有其他人遇到过这个问题吗?我已经尝试改变我的初始条件、行走者数量和迭代次数等。这段代码在非常相似的数据集上运行良好。它并不是一个具有挑战性的参数空间,看起来行走者被“卡住”的可能性很小。
有什么想法吗?我被难住了...我的行走者似乎很懒...

enter image description here

以下是示例代码(和示例数据文件)。当我运行它时,这个代码和数据文件会失败。
`
import numpy as n
import math
import pylab as py    
import matplotlib.pyplot as plt
import scipy
from scipy.optimize import curve_fit
from scipy import ndimage
import pyfits
from scipy import stats
import emcee
import corner
import scipy.optimize as op
import matplotlib.pyplot as pl
from matplotlib.ticker import MaxNLocator

def sersic(x, B,r_s,m):
      return B * n.exp(-1.0 * (1.9992*m - 0.3271) * ( (x/r_s)**(1.0/m) - 1.))

def lnprior(theta):
      B,r_s,m, lnf = theta
      if  0.0 < B < 500.0 and 0.5 < m < 10. and r_s > 0. and -10.0 < lnf < 1.0: 
        return 0.0
      return -n.inf

def lnlike(theta, x, y, yerr): #"least squares"
      B,r_s,m, lnf = theta
      model = sersic(x,B, r_s, m)
      inv_sigma2 = 1.0/(yerr**2 + model**2*n.exp(2*lnf))
      return -0.5*(n.sum((y-model)**2*inv_sigma2 - n.log(inv_sigma2)))

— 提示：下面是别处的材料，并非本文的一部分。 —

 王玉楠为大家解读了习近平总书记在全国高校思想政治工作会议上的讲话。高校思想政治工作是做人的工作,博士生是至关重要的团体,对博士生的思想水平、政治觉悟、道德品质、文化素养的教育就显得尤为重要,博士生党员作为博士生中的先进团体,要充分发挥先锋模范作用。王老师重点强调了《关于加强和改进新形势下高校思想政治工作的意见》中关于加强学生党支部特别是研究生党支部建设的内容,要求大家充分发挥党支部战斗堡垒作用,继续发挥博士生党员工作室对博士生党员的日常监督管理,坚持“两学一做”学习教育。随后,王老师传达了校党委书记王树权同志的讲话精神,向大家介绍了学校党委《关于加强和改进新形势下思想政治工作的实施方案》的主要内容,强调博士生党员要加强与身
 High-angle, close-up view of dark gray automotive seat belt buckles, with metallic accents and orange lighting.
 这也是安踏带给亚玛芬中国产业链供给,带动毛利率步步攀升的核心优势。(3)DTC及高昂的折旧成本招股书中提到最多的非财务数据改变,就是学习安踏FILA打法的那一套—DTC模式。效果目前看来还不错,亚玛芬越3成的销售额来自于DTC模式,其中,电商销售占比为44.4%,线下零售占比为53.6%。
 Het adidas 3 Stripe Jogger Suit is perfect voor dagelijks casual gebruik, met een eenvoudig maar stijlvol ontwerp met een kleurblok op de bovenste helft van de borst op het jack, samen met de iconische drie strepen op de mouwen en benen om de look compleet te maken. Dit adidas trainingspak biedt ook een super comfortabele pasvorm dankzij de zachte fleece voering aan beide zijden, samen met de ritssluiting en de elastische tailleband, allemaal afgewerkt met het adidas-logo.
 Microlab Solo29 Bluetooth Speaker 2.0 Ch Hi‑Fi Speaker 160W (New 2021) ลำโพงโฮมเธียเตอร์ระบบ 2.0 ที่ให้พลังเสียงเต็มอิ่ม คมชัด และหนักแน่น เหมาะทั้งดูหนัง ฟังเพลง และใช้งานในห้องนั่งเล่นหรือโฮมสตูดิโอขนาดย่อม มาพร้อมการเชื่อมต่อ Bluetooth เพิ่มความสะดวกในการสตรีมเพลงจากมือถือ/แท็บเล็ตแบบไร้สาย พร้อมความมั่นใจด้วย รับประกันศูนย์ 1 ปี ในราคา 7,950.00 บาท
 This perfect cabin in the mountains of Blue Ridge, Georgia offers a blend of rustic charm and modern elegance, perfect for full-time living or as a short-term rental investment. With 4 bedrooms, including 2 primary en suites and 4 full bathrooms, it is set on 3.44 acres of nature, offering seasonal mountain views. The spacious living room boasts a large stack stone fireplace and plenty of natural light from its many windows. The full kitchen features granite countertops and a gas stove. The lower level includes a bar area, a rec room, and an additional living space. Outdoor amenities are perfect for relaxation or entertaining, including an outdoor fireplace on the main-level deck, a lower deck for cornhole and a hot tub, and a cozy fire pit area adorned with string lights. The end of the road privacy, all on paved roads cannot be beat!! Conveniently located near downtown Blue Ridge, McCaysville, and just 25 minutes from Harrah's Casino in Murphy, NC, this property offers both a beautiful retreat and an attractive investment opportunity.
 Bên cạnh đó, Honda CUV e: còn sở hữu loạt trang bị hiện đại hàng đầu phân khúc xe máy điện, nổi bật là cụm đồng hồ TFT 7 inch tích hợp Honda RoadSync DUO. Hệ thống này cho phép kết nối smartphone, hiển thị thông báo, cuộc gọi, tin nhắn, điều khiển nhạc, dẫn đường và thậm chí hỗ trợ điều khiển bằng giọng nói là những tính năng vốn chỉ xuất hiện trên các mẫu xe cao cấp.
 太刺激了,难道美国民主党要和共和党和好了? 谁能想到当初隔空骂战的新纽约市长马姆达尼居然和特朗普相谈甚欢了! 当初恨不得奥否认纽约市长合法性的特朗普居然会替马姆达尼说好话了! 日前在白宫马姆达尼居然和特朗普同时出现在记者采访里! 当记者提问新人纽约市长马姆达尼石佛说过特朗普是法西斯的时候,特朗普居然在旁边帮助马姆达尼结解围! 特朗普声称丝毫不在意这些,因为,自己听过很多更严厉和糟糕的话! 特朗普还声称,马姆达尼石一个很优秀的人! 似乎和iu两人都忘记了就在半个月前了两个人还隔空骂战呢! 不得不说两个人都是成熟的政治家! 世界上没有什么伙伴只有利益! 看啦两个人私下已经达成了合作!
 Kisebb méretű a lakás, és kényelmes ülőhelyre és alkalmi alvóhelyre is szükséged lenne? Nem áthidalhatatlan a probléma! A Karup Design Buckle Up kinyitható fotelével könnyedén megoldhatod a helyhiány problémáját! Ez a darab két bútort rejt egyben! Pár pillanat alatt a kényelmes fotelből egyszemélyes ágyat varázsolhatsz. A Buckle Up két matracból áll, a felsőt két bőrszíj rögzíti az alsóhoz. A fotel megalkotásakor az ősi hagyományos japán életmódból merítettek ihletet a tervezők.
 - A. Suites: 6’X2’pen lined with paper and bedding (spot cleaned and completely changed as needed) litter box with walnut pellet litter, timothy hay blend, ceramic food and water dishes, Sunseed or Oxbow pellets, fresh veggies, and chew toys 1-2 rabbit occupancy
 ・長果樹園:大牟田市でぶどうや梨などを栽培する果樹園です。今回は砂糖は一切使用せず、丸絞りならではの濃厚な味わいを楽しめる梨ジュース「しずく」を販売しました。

def lnprob(theta, x, y, yerr):#kills based on priors
    lp = lnprior(theta)
    if not n.isfinite(lp):
        return -n.inf
    return lp + lnlike(theta, x, y, yerr)


profile=open("testprofile.dat",'r')  #read in the data file    
profilelines=profile.readlines()
x=n.empty(len(profilelines))
y=n.empty(len(profilelines))
yerr=n.empty(len(profilelines))

for i,line in enumerate(profilelines):
    col=line.split()
    x[i]=col[0]
    y[i]=col[1]
    yerr[i]=col[2]

# Find the maximum likelihood value.
chi2 = lambda *args: -2 * lnlike(*args)
result = op.minimize(chi2, [50,2.0,0.5,0.5], args=(x, y, yerr))
B_ml, rs_ml,m_ml, lnf_ml = result["x"]
print("""Maximum likelihood result:
          B   = {0}
          r_s = {1}
          m   = {2}
    """.format(B_ml, rs_ml,m_ml))

# Set up the sampler.
ndim, nwalkers = 4, 4000
pos = [result["x"] + 1e-4*n.random.randn(ndim) for i in     range(nwalkers)]
sampler = emcee.EnsembleSampler(nwalkers, ndim, lnprob, args=(x, y, yerr))
# Clear and run the production chain.
print("Running MCMC...")
Niter = 2000 #2000
sampler.run_mcmc(pos, Niter, rstate0=n.random.get_state())
print("Done.")
# Print out the mean acceptance fraction. 
af = sampler.acceptance_fraction
print "Mean acceptance fraction:", n.mean(af)

# Plot sampler chain
pl.clf()
fig, axes = pl.subplots(3, 1, sharex=True, figsize=(8, 9))
axes[0].plot(sampler.chain[:, :, 0].T, color="k", alpha=0.4)
axes[0].yaxis.set_major_locator(MaxNLocator(5))
axes[0].set_ylabel("$B$")

axes[1].plot(sampler.chain[:, :, 1].T, color="k", alpha=0.4)
axes[1].yaxis.set_major_locator(MaxNLocator(5))
axes[1].set_ylabel("$r_s$")

axes[2].plot(n.exp(sampler.chain[:, :, 2]).T, color="k", alpha=0.4)
axes[2].yaxis.set_major_locator(MaxNLocator(5))
axes[2].set_xlabel("step number")

fig.tight_layout(h_pad=0.0)
fig.savefig("line-time_test.png")

# plot MCMC fit
burnin = 100
samples = sampler.chain[:, burnin:, :3].reshape((-1, ndim-1))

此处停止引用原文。